The parentheses are necessary.
op is one of +, -, *, or /
Each of left and right is again an arithmetic expression.

With the above definition and assumptions, you should be able to see, for example, that none of the following three input lines is valid:

(3 + 7 * 2)   Not fully parenthesized
6 * 5         Not fully parenthesized
((3 + 3))     Contains redundant parentheses

On the other hand, you should also agree that each of the following expressions is valid:

26
((3 + 7) * 2)
(3 + (7 * 2))
(6 * 5)
(3+3)

For each expression, the calculator would build a suitable binary expression tree to hold the expression, and use this expression tree both to evaluate the expression, and to output the expression, along with its value, in the manner indicated below.
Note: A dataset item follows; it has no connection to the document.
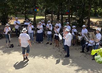 Ende Juni traf sich das Corps zum Auftritt in der KiTa Regenbogenland, die ihr 30(+1)-jähriges Bestehen mit einem großen Fest feierte. Bei tollem Sommerwetter kamen Spiel und Spaß für die Kleinsten nicht zu kurz und das Corps präsentierte viele Stücke aus seinem Konzertrepertoire.

Use of a recursively-defined binary expression tree to hold each input expression means that each routine dealing with this structure (for input, for evaluation, and for output) should also be recursive. Furthermore, the calculator must ignore all extra and irrelevant blank space(s) on the input line, and the output routine must display the input expressions in a way that uses blank spaces consistently, as illustrated by the following sample input/output:

Sample input expressions   Corresponding sample output
123                        123 = 123
(15 * 3)                   (15 * 3) = 45
(15   *3 )                 (15 * 3) = 45
(3+(7*2))                  (3 + (7 * 2)) = 17
((44 - 3)/((2 + 5)*3))     ((44 - 3) / ((2 + 5) * 3)) = 1

In each case, compare the spacing in the input and the output, and note the consistent spacing that appears in the output, however the input may have been formatted.